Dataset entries
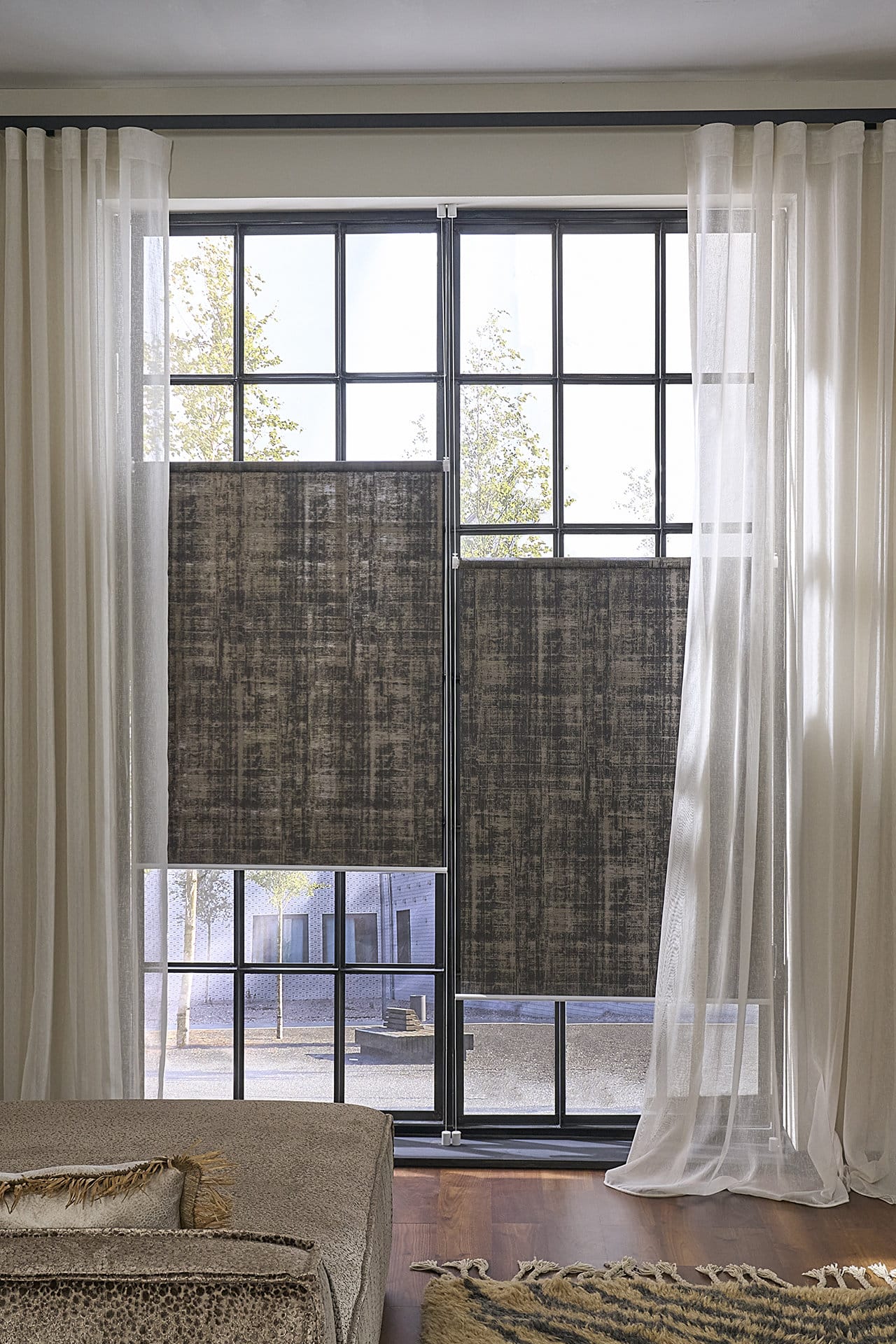 Fenster-Fashion à la Buchheister: Das neue “Flex” Maßrollo, hier mit einem Stoff in Ethno-Erdtönen, passt perfekt zu dem halbtransparenten Store aus der Fabrix Kollektion. Er ist akustisch wirksam, schwer entflammbar – in Kombination mit der filigranen Design-Vorhangstange “Slim” ein moderner stylischer Look.
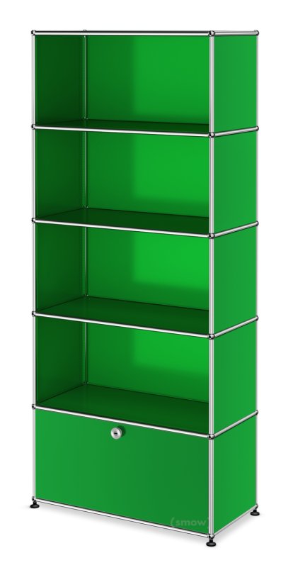 Die Geschichte des USM Aktenregals, des USM Haller Sideboards genau wie aller anderen USM Möbel beginnt Anfang der 1960er Jahre, als der Schweizer Betrieb USM in ein modernes Industrieunternehmen umstrukturiert werden soll. Der damalige Firmeninhaber, Paul Schärer, beauftragte damals den Architekten Fritz Haller mit der Planung neuer Betriebsanlagen. Nach Fertigstellung der Neubauten entwickelte Fritz Haller dann im Jahr 1963 das USM Möbelbausystem als Inneneinrichtung für den USM Büropavillon in Münsingen. Ursprünglich nur für den firmeneigenen Bedarf konzipiert, ging USM Haller sechs Jahre später, nach der Ausstattung der Pariser Rothschild Bank, in Serienproduktion. Das Besondere der USM Haller Regale ist heute wie damals die modulare Konzeption: aus gerade einmal drei Grundelementen können Möbel in beinahe allen erdenklichen Formen konstruiert werden. In die Grundstruktur aus verchromten Metallrohren, die mit ebenfalls verchromten Metallkugeln verbunden sind, werden Tablare aus Metall oder Glas eingesetzt. Schließlich kann das Möbel mit verschiedenem Zubehör, wie Türen, Rollen, Schlössern und Zwischentablaren, ausgestattet werden. Das individuell konfigurierbare USM Aktenregal mit Klappen/Auszügen verfügt über fünf Fächer, die wahlweise mit Klappen oder Auszügen ausgestattet werden können.
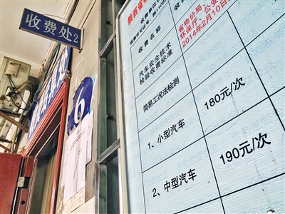 石化大道附近一家检测站小型车检测费仍为180元 记者 王健 摄
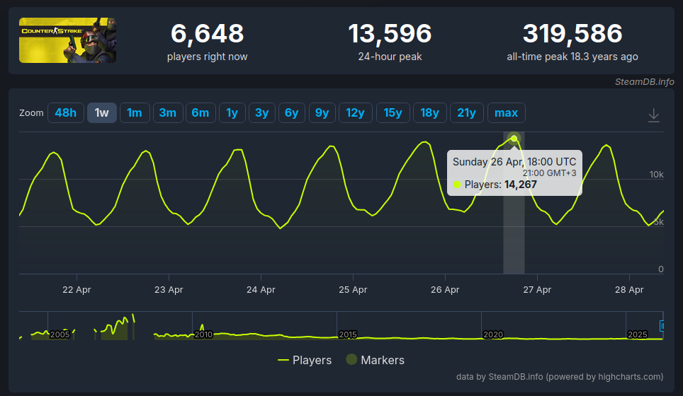 Но Steam - это врехушка айсберга. У CS 1.6 до сих пор живёт отдельная серверная субкультура: паблики, сборки, лаунчеры, мониторинги, локальные комьюнити. На трекерах прямо сейчас можно найти забитые сервера по 32 игрока.
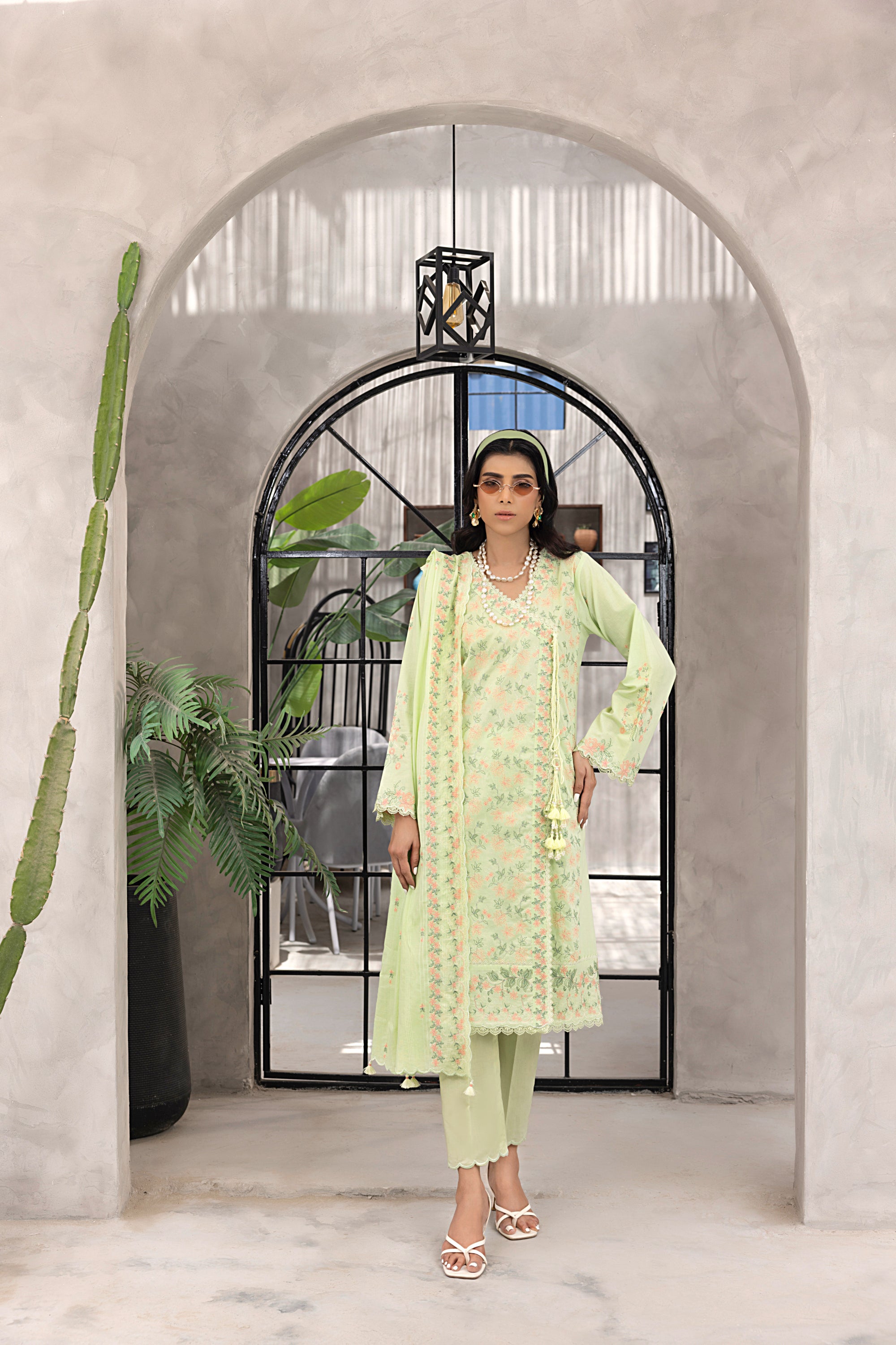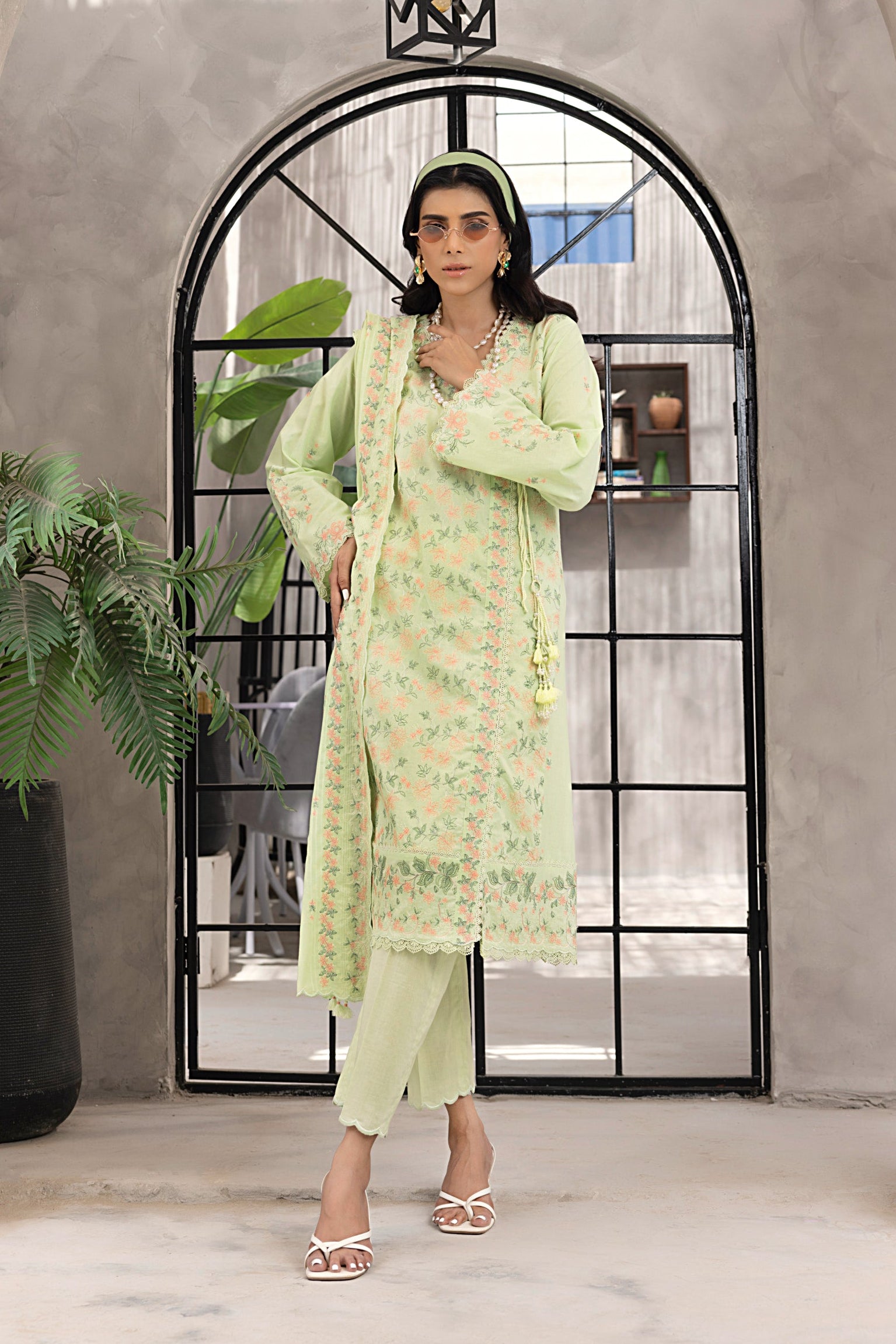 03 Piece Stitched Embroidered With Textured Embroidered Lawn Dupatta

(WHAT TO DO) Return every line of the data above exactly, and omit all pictures.

(THE ANSWER)
 Fenster-Fashion à la Buchheister: Das neue “Flex” Maßrollo, hier mit einem Stoff in Ethno-Erdtönen, passt perfekt zu dem halbtransparenten Store aus der Fabrix Kollektion. Er ist akustisch wirksam, schwer entflammbar – in Kombination mit der filigranen Design-Vorhangstange “Slim” ein moderner stylischer Look.
 Die Geschichte des USM Aktenregals, des USM Haller Sideboards genau wie aller anderen USM Möbel beginnt Anfang der 1960er Jahre, als der Schweizer Betrieb USM in ein modernes Industrieunternehmen umstrukturiert werden soll. Der damalige Firmeninhaber, Paul Schärer, beauftragte damals den Architekten Fritz Haller mit der Planung neuer Betriebsanlagen. Nach Fertigstellung der Neubauten entwickelte Fritz Haller dann im Jahr 1963 das USM Möbelbausystem als Inneneinrichtung für den USM Büropavillon in Münsingen. Ursprünglich nur für den firmeneigenen Bedarf konzipiert, ging USM Haller sechs Jahre später, nach der Ausstattung der Pariser Rothschild Bank, in Serienproduktion. Das Besondere der USM Haller Regale ist heute wie damals die modulare Konzeption: aus gerade einmal drei Grundelementen können Möbel in beinahe allen erdenklichen Formen konstruiert werden. In die Grundstruktur aus verchromten Metallrohren, die mit ebenfalls verchromten Metallkugeln verbunden sind, werden Tablare aus Metall oder Glas eingesetzt. Schließlich kann das Möbel mit verschiedenem Zubehör, wie Türen, Rollen, Schlössern und Zwischentablaren, ausgestattet werden. Das individuell konfigurierbare USM Aktenregal mit Klappen/Auszügen verfügt über fünf Fächer, die wahlweise mit Klappen oder Auszügen ausgestattet werden können.
 石化大道附近一家检测站小型车检测费仍为180元 记者 王健 摄
 Но Steam - это врехушка айсберга. У CS 1.6 до сих пор живёт отдельная серверная субкультура: паблики, сборки, лаунчеры, мониторинги, локальные комьюнити. На трекерах прямо сейчас можно найти забитые сервера по 32 игрока.
 03 Piece Stitched Embroidered With Textured Embroidered Lawn Dupatta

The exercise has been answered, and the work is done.